On 1/9/24, a new version of the "Atlas Proxy" was released. One of the Atlas Proxies's responsibilities is syncing cluster configurations to the Atlas Shared and Atlas Serverless tiers. The new version updated this syncing protocol, but contained a bug where under certain circumstances it would sync cluster configuration much too frequently.
On 1/17/24 at 08:00 UTC, this bug was triggered across the fleet, immediately overloading both the Atlas Control Plane application servers that handle requests from the Atlas Data Plane and the database clusters for those application servers.
At 13:30 UTC, the Atlas Proxies were identified as the root cause of the increased load, and they were throttled. This stopped Shared/Serverless tier cluster changes from propagating with the intention of taking load off the system so Atlas Dedicated operations could proceed as normal. Unfortunately, the backlog of Atlas Dedicated changes overloaded numerous other internal services.

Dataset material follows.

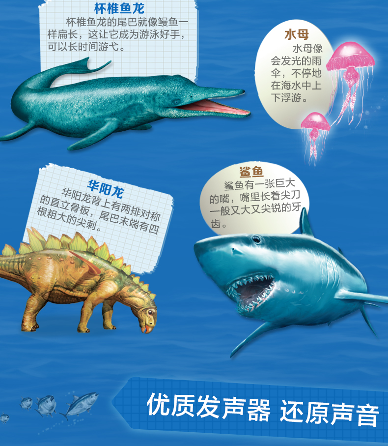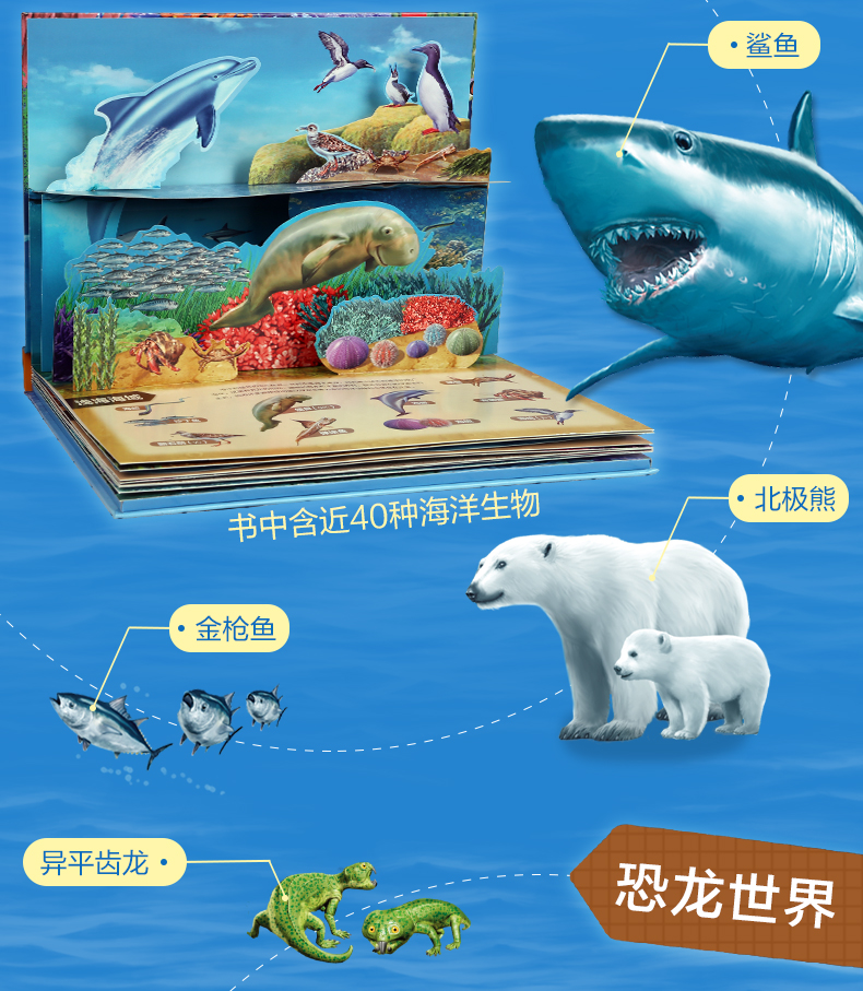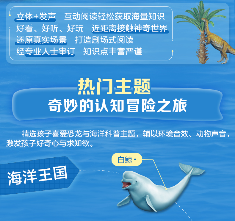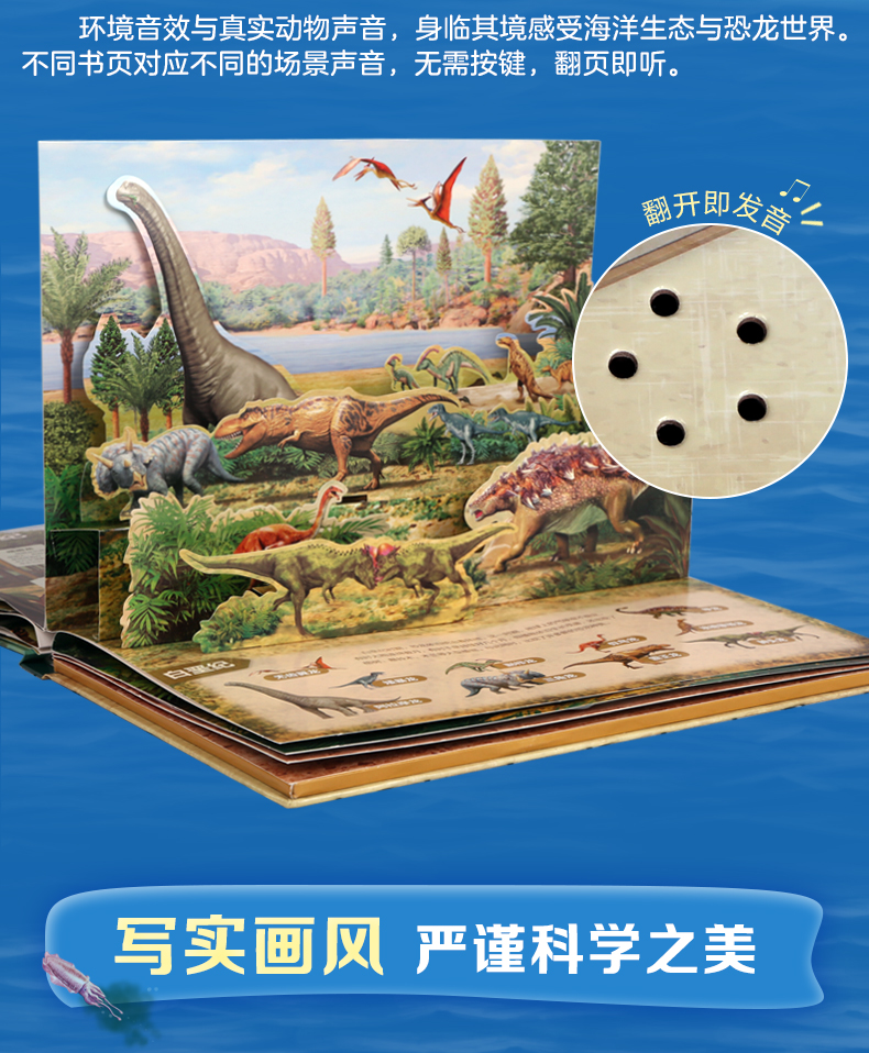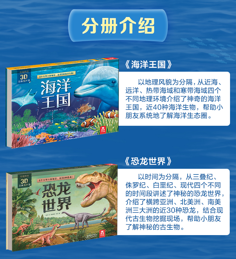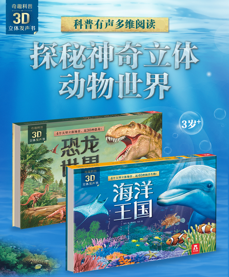 新书预售 奇趣科普3D立体发声书2册套装 海洋王国恐龙世界 3-6岁
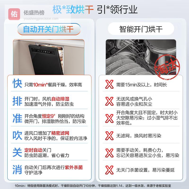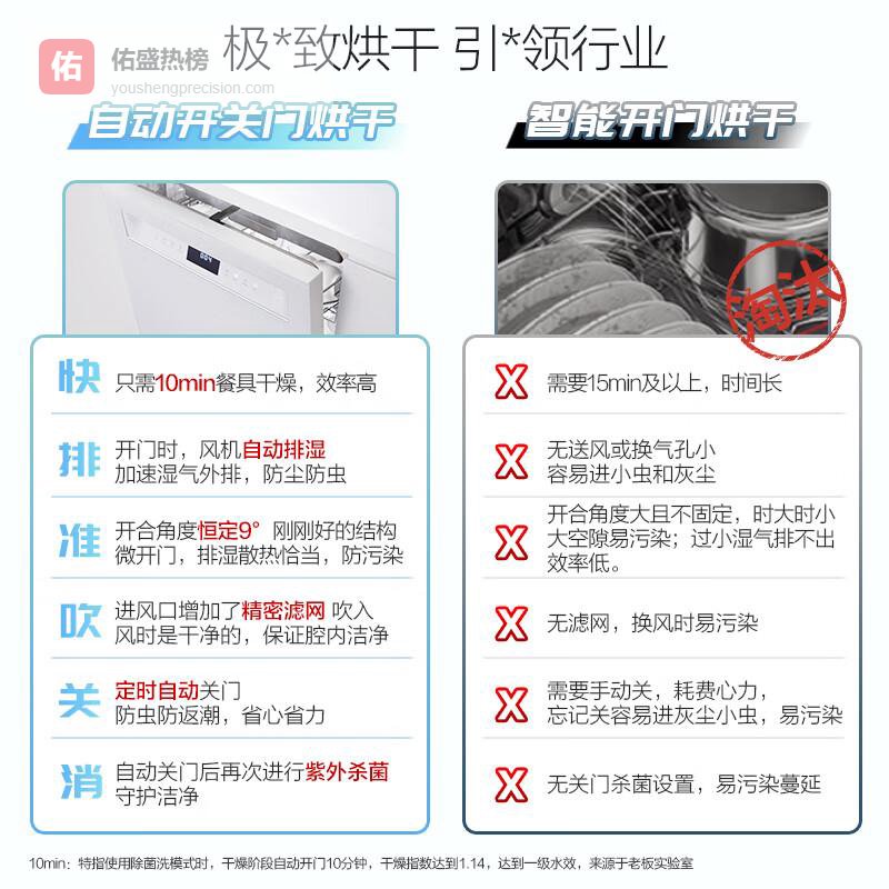 自动门热风烘干,快速无水渍:蒸发水分迅速,保证餐具干燥后无残留,让使用更安心。

An additional consequence of the Atlas Proxy throttling was that ongoing OS security patching caused some servers to reboot during the incident, and after the reboot, the Proxies were not able to initialize correctly due to being throttled. This left a set of Shared and Serverless Tier customers unable to connect to their clusters.
Over the next few hours, internal systems continued to be repaired. The specific bug in the Atlas Proxy was identified, and a plan to roll it back was established. By 17:00 UTC, Atlas Dedicated user driven changes were being processed with only small delays. By 23:30 UTC, all internal systems were operating normally, the Atlas Proxy was rolled back/unthrottled, and there were no longer any delays in processing Atlas cluster changes.